Request Delegates inside startup.cs will be difficult to maintain when request pipeline complexity increases. We generally want to keep code clean and also allow middleware to handle single responsibility so middleware is implemented as standalone reusable classes. Middleware class is a class with an invoke method that contains code logic and also has a constructor that accepts a RequestDelegate.

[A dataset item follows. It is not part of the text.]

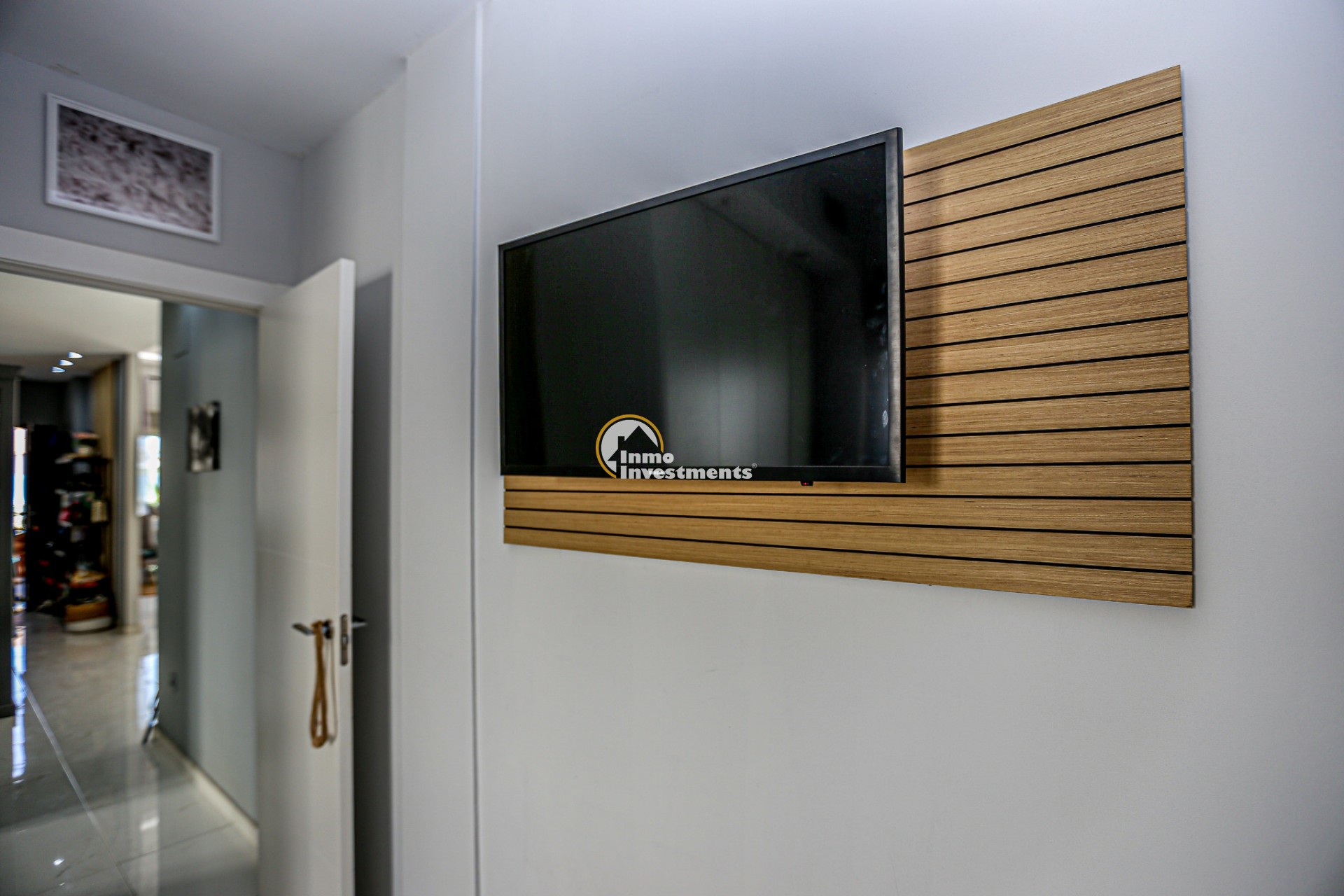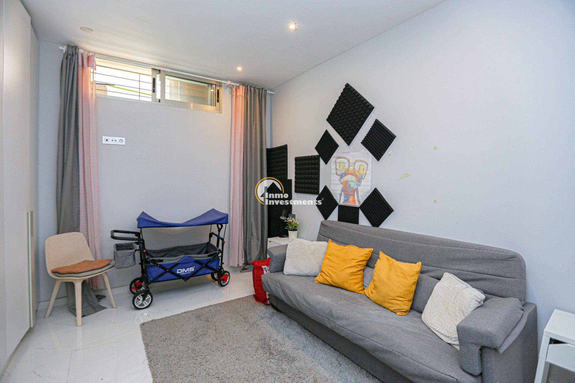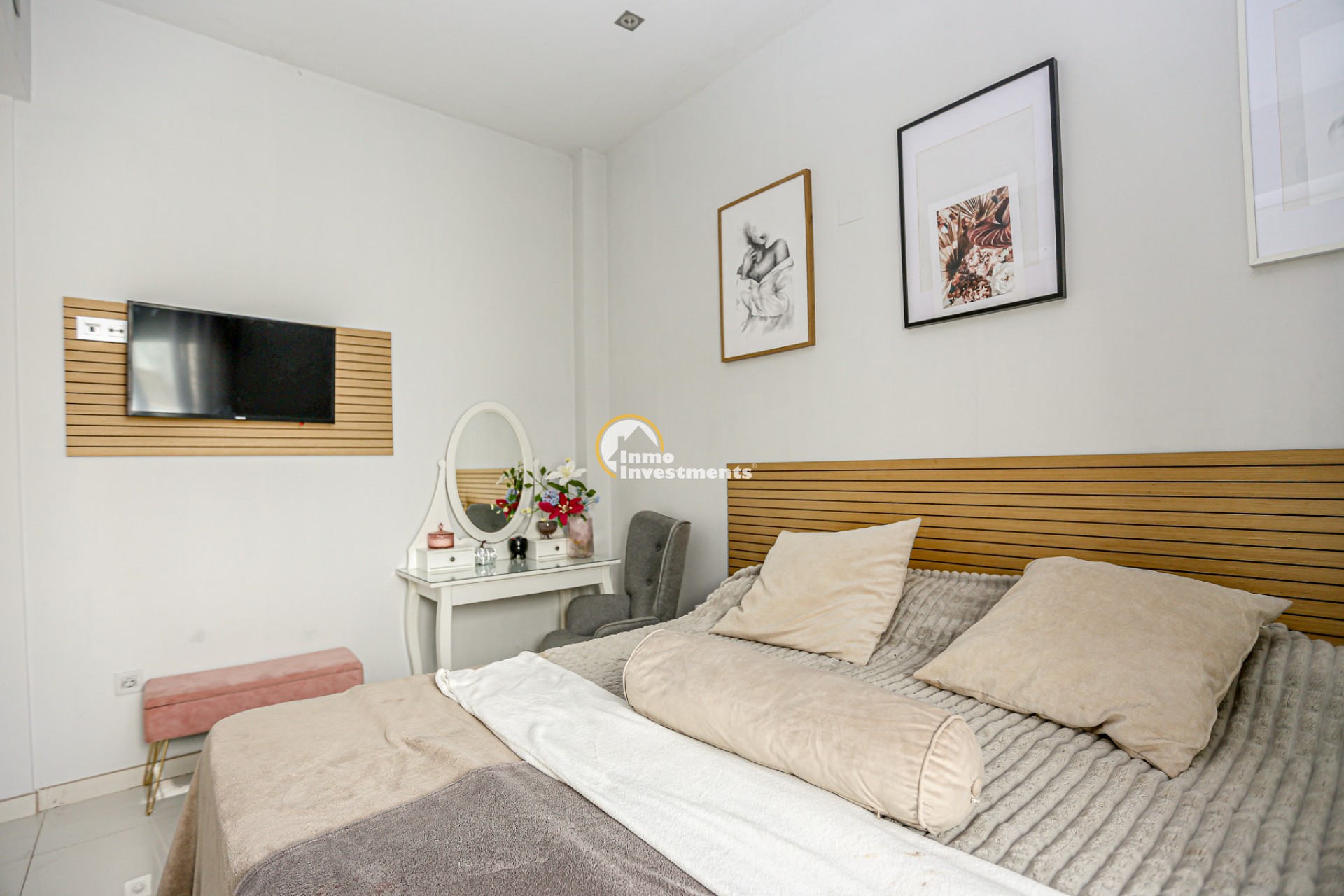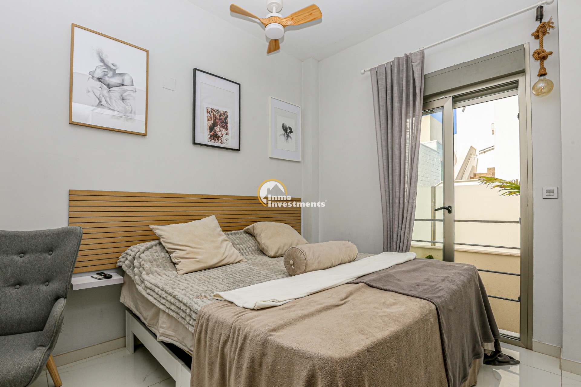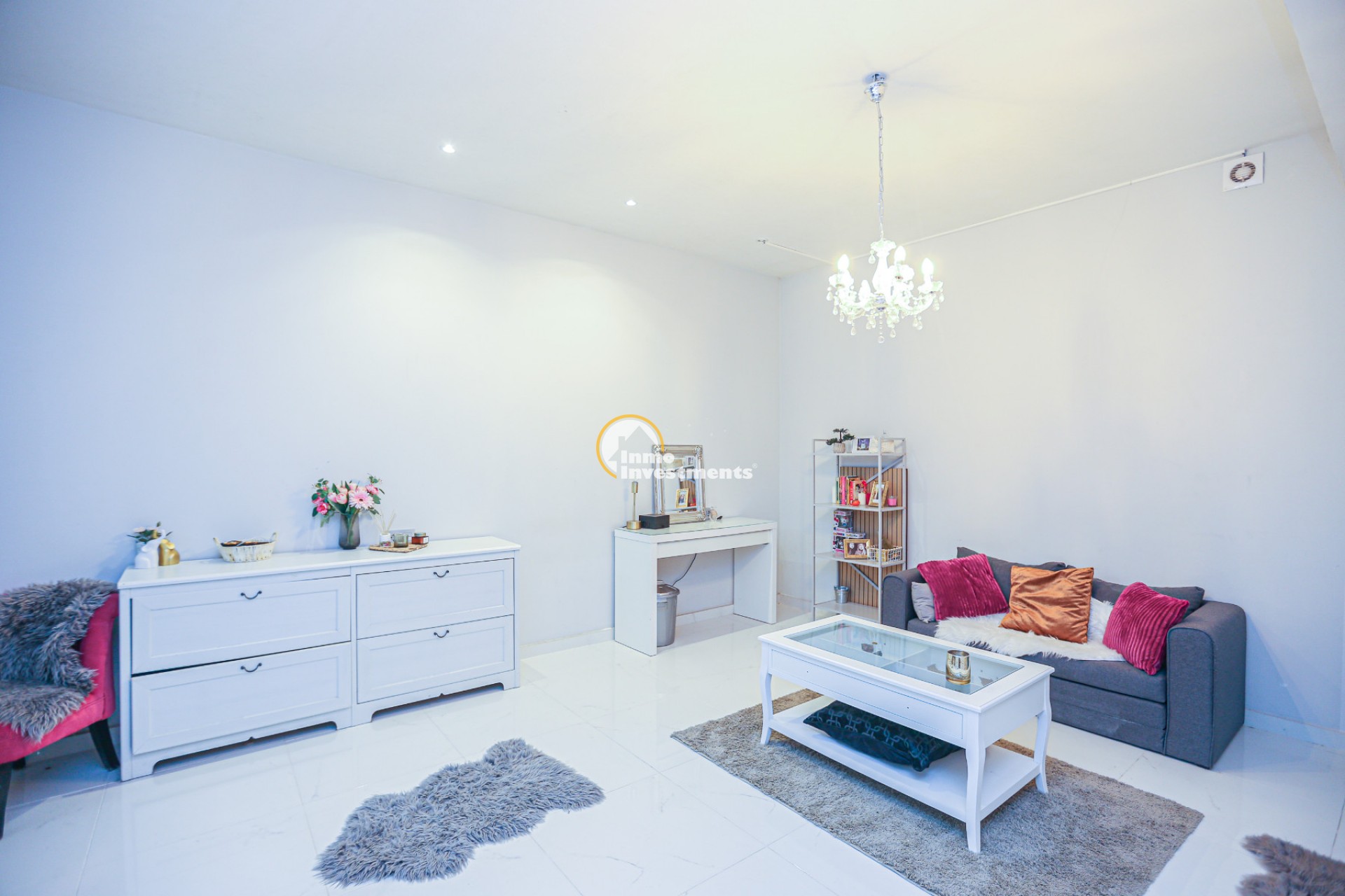 Inne leder en liten hall till det första sovrummet med eget badrum och utgång till trädgården. Till vänster finns det ljusa och rymliga vardagsrummet/matsalen, kopplat till ett modernt fullt utrustat kök med frukostbar och direkt utgång till tomten. En annan hall förbinder ytterligare två sovrum samt ett badrum. Alla fönster har elektriska persienner.

public class MyFirstMiddleware
{
    private readonly RequestDelegate _next;
    public MyFirstMiddleware(RequestDelegate next)
    {
        _next = next;
    }
    
    public async Task Invoke(HttpContext httpContext)
    {
        // Code Logic before next middleware
        await _next(httpContext);
        // Code Logic after next middleware
    }
}

We can directly use the above middleware class in a startup.cs but to keep it clean we can add below extension class which uses IApplicationBuilder and then use this extension in configure method in startup.cs

public static class MyFirstMiddlewareExtensions
{
    public static IApplicationBuilder UseMyFirstMiddleware(this IApplicationBuilder builder)
    {
        return builder.UseMiddleware();
    }
}

Now our configure method in startup class will look like this

public void Configure(IApplicationBuilder app)
{
    app.UseMyFirstMiddleware();
    app.UseMvc(routes =>
    {
        routes.MapRoute(
        name: "default",
        template: "{controller=Home}/{action=Index}/{id?}");
    });
}

Middleware Order

ASP.NET Core request processing pipeline consists of a series of middleware that handles the request/response one by one i.e. they are called one by one by .NET core framework. The sequence in which these middlewares are configured is called Middleware Order.

The order in which ASP.NET Core Middleware Components are added in the Configure method of the Startup class method defines the order in which middleware components are invoked for handling request as well as response.

Summary

  • ASP.NET Core Middleware is a piece of code that gets executed on every request
  • Request pipeline can be a combination of built-in Middleware, third party middleware or your own custom middleware like logging middleware, exception middleware, etc.
  • Middleware can be directly added using request delegates like Run, Use & Map in the startup.cs file in Configure Method. Alternatively, middleware can also be configured using a separate reusable class.